### DATA SECTION:
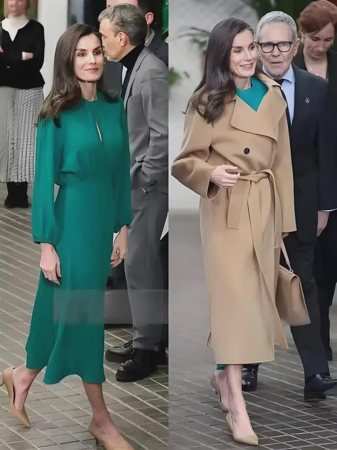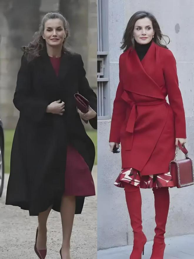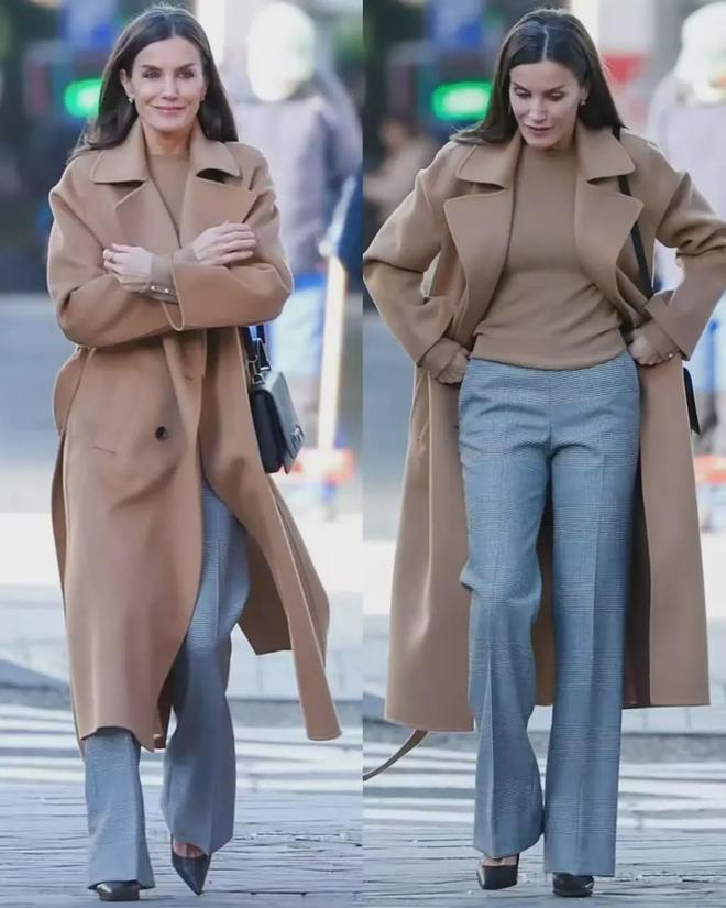 我们可以学学西班牙王后,她穿大衣不管是搭配裙子,还是搭配阔腿裤,都非常注重腰线的打造。
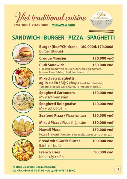Menu chưa bao gồm VAT, Nhà hàng luôn thu hộ thuế VAT. Mức phí VAT là theo quy định.
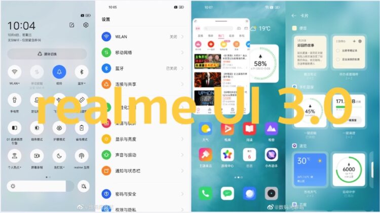 ภาพหน้าจอ realme UI 3.0 ที่ Digital Chat Station แชร์ออกมา แสดงให้เห็นดีไซน์หน้าจอโฮม ที่มีทั้ง Widget และไอคอนทางลัดของแอปต่างๆ, หน้าจอที่ให้ข้อมูลของอุปกรณ์, แผงการตั้งค่าด่วน หรือ Quick Settings, หน้าจอการตั้งค่า, ฟีเจอร์ย่อหน้าต่างแอป (คล้ายกับ Floating Window ของ ColorOS 12) และหน้าจอรวม Widget ทั้งหมด

### REQUIREMENT:
When you copy the data above, reproduce each line exactly and skip every image.

### EXPECTED OUTPUT:
 我们可以学学西班牙王后,她穿大衣不管是搭配裙子,还是搭配阔腿裤,都非常注重腰线的打造。
Menu chưa bao gồm VAT, Nhà hàng luôn thu hộ thuế VAT. Mức phí VAT là theo quy định.
 ภาพหน้าจอ realme UI 3.0 ที่ Digital Chat Station แชร์ออกมา แสดงให้เห็นดีไซน์หน้าจอโฮม ที่มีทั้ง Widget และไอคอนทางลัดของแอปต่างๆ, หน้าจอที่ให้ข้อมูลของอุปกรณ์, แผงการตั้งค่าด่วน หรือ Quick Settings, หน้าจอการตั้งค่า, ฟีเจอร์ย่อหน้าต่างแอป (คล้ายกับ Floating Window ของ ColorOS 12) และหน้าจอรวม Widget ทั้งหมด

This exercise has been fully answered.